WHAT YOU NEED TO DO – What I need is an exact repeat of the lines from the one with "Una historia de" through the end of the listing below. Leave out every picture.

*** Opening SOURCE DATA ***

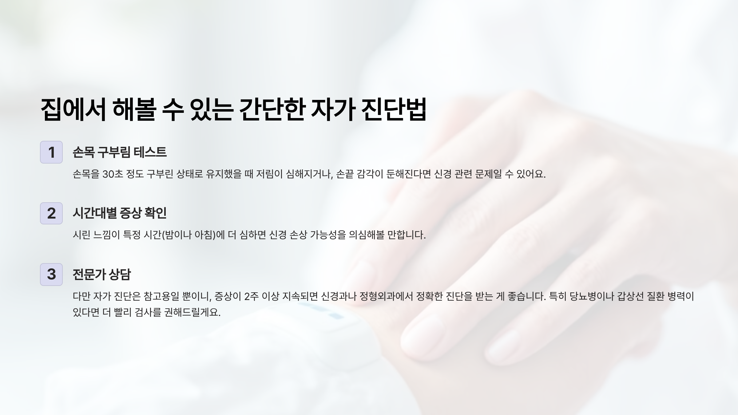 손목을 30초 정도 구부린 상태로 유지했을 때 저림이 심해지거나, 손끝 감각이 둔해진다면 신경 관련 문제일 수 있어요. 또한 시린 느낌이 특정 시간(밤이나 아침)에 더 심하면 신경 손상 가능성을 의심해볼 만합니다. 다만 자가 진단은 참고용일 뿐이니, 증상이 2주 이상 지속되면 신경과나 정형외과에서 정확한 진단을 받는 게 좋습니다. 특히 당뇨병이나 갑상선 질환 병력이 있다면 더 빨리 검사를 권해드릴게요.
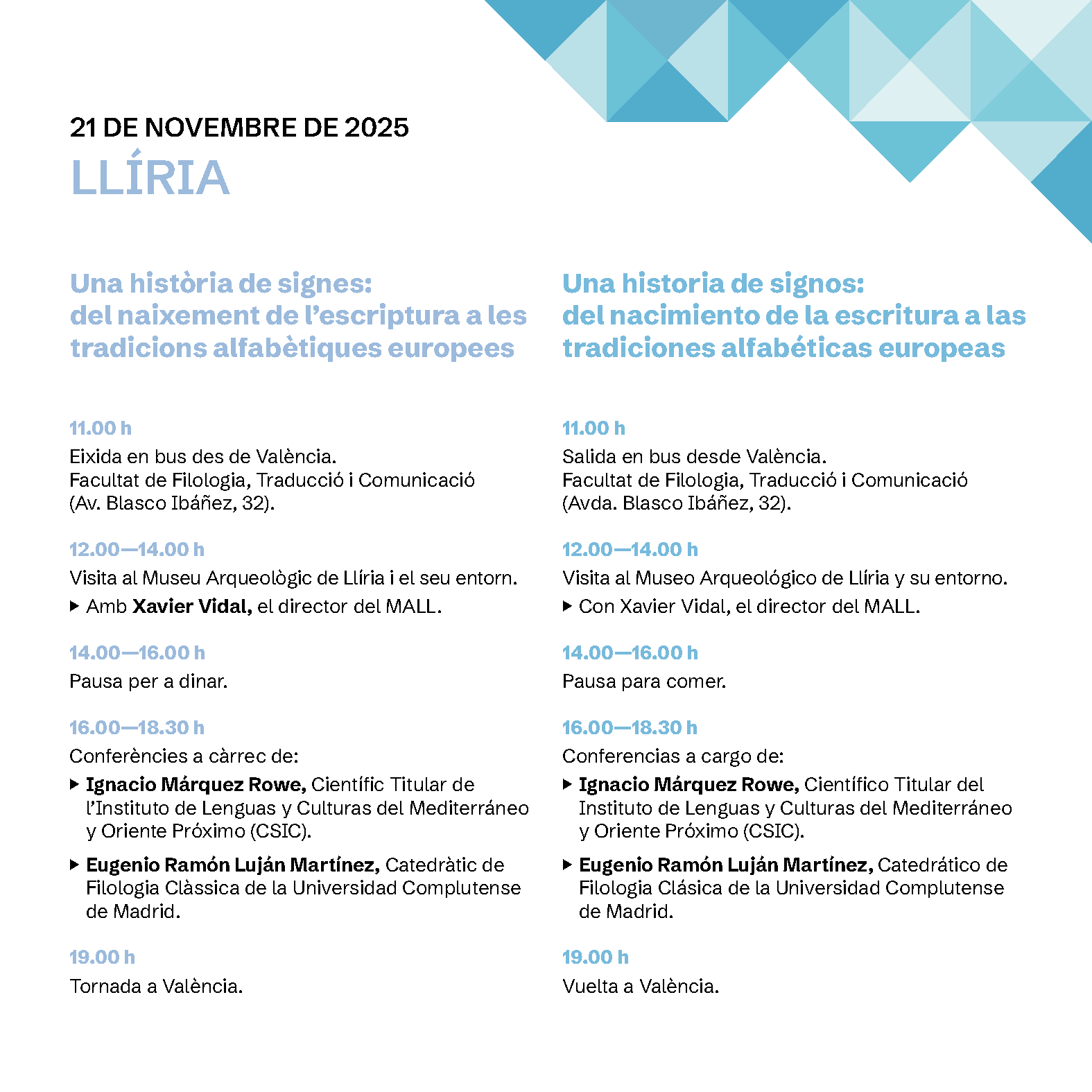 Una historia de signos: del nacimiento de la escritura a las tradiciones alfabéticas europeas. Incluye visita práctica al Museo Arqueológico de Llíria y su entorno histórico
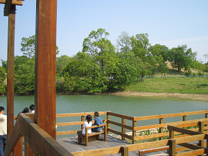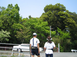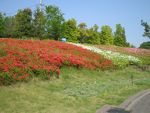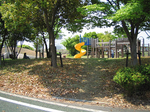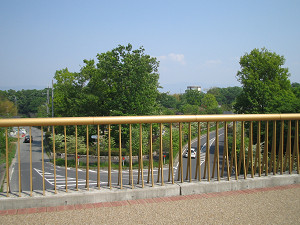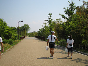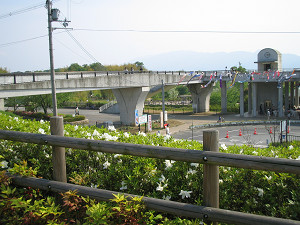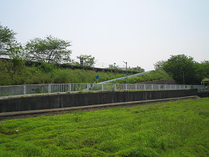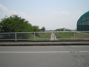 こちらも県道14号線を越える歩道橋上。これを渡ると「北エリア」の大芝生広場です。 広場で昼食をとりましょう。(但し、公園内にはゴミ箱がないのでゴミは持ち帰りましょう(^^)。)

*** Closing SOURCE DATA ***

EXERCISE SOLUTION –
 Una historia de signos: del nacimiento de la escritura a las tradiciones alfabéticas europeas. Incluye visita práctica al Museo Arqueológico de Llíria y su entorno histórico
 こちらも県道14号線を越える歩道橋上。これを渡ると「北エリア」の大芝生広場です。 広場で昼食をとりましょう。(但し、公園内にはゴミ箱がないのでゴミは持ち帰りましょう(^^)。)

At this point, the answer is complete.